ISACs are typically sector-specific, nonprofit organizations that share information and best practices about cybersecurity issues across their respective member groups.
“We just want to make sure we’ve got the right elements of, how do we pull together people and how do we take advantage of the leadership position that we can have early on as we continue to see tremendous investments in America’s success and opportunities within the AI race,” Andersen said. “In general, we want to make sure that that security conversation, that security community of interest we can build is going to be built in the right way.”
AI security policy framework
Meanwhile, Cairncross said the Office of the National Cyber Director is also working on an “AI security policy framework.”
“Our goal is as we move forward, and the president is very forward-leaning on the innovation side of AI, we are working to ensure that security is not viewed as a friction point for innovation, but it is built into that system so that on a foundational level, it exists as this gets up and running and scales and is increasingly infused into daily life,” Cairncross said.
CIPAC replacement coming soon?
DHS last year also disbanded the Critical Infrastructure Partnership Advisory Council (CIPAC). It had provided authorities for government and industry groups to collaborate on security issues through various sector coordinating councils.
Homeland Security Secretary Kristi Noem previously said DHS would come out with a new and improved version of CIPAC. But nearly a year after its disestablishment, that has yet to happen. Cyber experts say the lack of the council’s authorities has led to a drop-off in collaborative discussions about cyber issues between government and industry.
Recent news reports indicate DHS is close to unveiling a new version of the council, called the Alliance of National Councils for Homeland Operational Resilience (ANCHOR).
Andersen wouldn’t comment on the timing for rolling out ANCHOR, but he explained why CISA and DHS were looking to revise the council’s authorities and structure.

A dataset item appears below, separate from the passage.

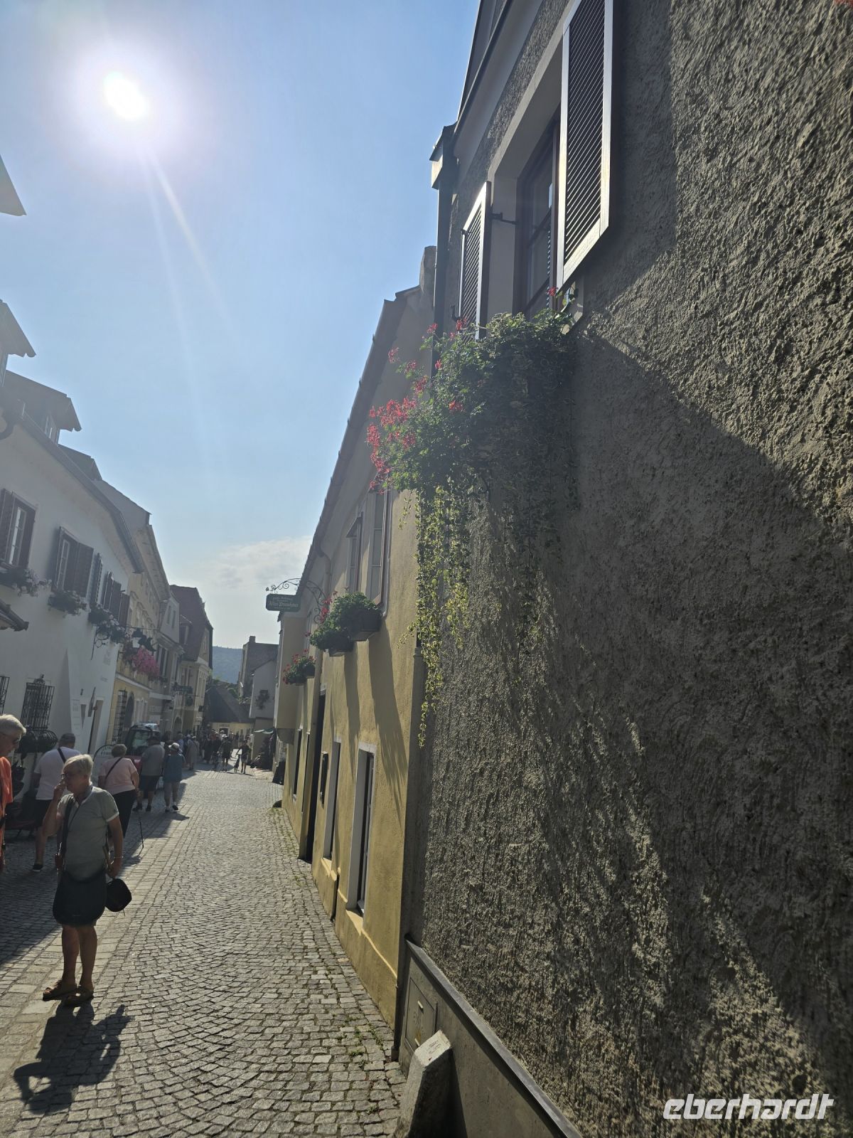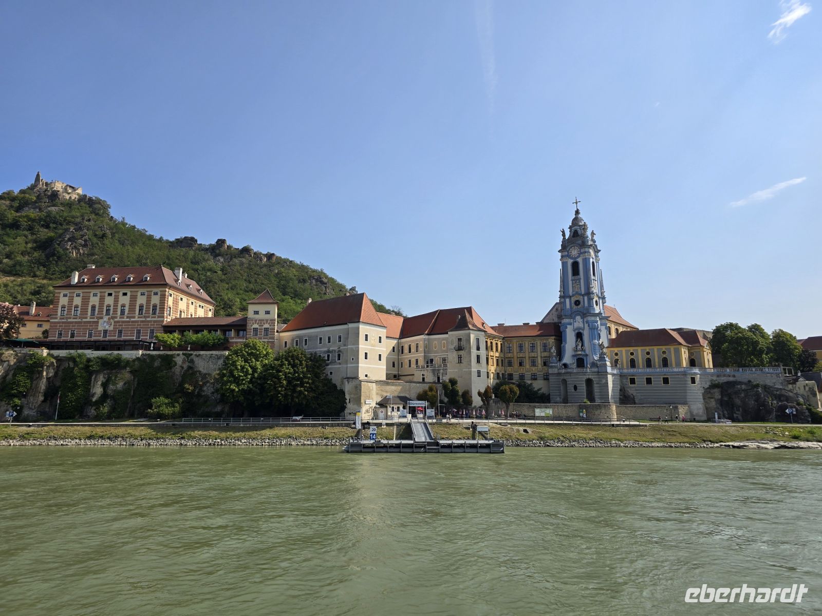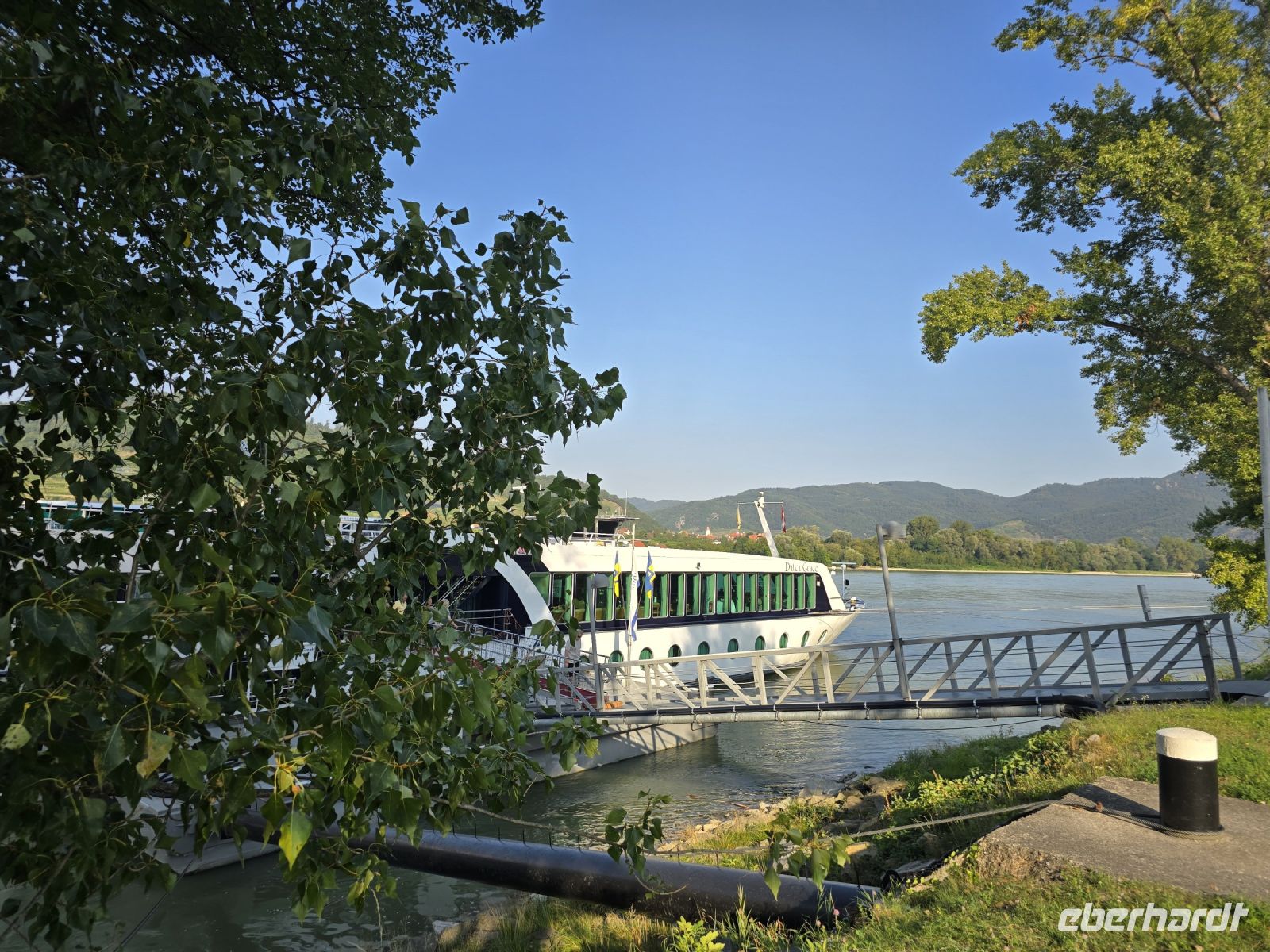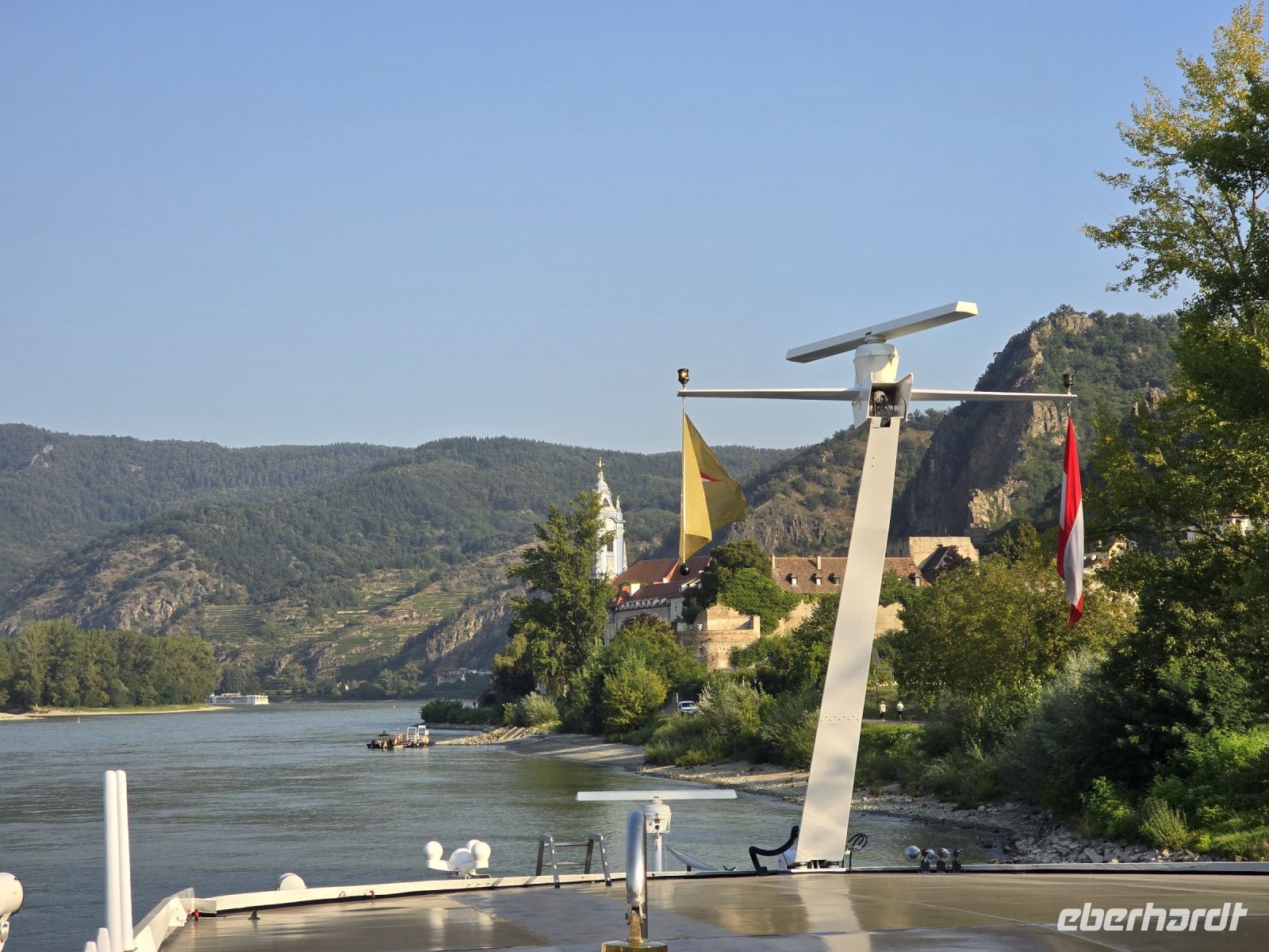 Heute brach bereits der vorletzte Tag unseres Besichtigungsprogramms an. Wir legten bei bestem Wetter, strahlend blauem Himmel und wieder hochsommerlichen Temperaturen, in Dürnstein, der Perle der Wachau, an. Einige Gäste spazierten auf eigene Faust durch die Gassen von Dürnstein und bestaunten das Stift mit dem blau-weißen Kirchturm, wo ein Museum eröffnet ist. Ganz Mutige nahmen den Weg bis zur Ruine der Burg Dürnstein (12. Jahrhundert), wo einst Richard Löwenherz gefangen gehalten wurde. Sein treuer Sänger Blondel hatte ihm das zuvor vereinbarte Lied am Fuße der Burg gesungen und der König antwortete, so die Sage. Richard Löwenherz konnte so gegen ein Lösegeld freigekauft werden. Von der Ruine eröffnete sich das Panorama des Donautales rund um Dürnstein. Viele Gäste nutzten die bequeme Fahrt mit den Zügen des Wachau-Expresses durch die Weinberge von Oberloipen und Dürnstein, wo besonders Weißwein, darunter der Grüne Veltliner, angebaut wird. Durch das Kremser Tor erreichten wir schließlich den Prangerplatz. Von hier spazierten wir durch die romantischen Gassen von Dürnstein, erfreuten uns an den schmucken Fassaden, kauften verschiedene Produkte der Winzer und der Bauern ein, darunter Erzeugnisse aus Marillen wie Marmelade oder Liköre. Gern hätten wir noch etwas in diesem gastlichen Örtchen verweilt, aber der Kapitän erwartete uns zurück an Bord. Also ging es mit dem Wachau-Express gemütlich zurück zum Schiff. Am Mittag und Nachmittag genossen wir die Passage durch das Donautal vorbei an den kleine Orten Weißenkirchen mit der Wehrkirche, die dem Ort den Namen gab, Spitz mit dem Tausendeimerberg, der Burgruine Aggstein, dem Kloster Schönhübel bis nach Melk. Diese 30 Kilometer gelten als einer der romantischsten Flussabschnitte in Österreich.

“We’re trying to solve for a couple of problems,” Andersen said. “The old CIPAC never made any explicit focus on cybersecurity. That just wasn’t part of what was chartered back in the day when it was originally launched. Additionally, it didn’t give us the opportunities for having focus groups to have conversations like undersea cables might be a good example. [Operational technology] systems might be a good example. OT had to nest itself under the IT Sector Coordinating Council in the past. There’s real opportunities for us to improve opportunities for elements of the community that didn’t necessarily have opportunities to engage in a substantive way in the past, really give them a voice in the process.”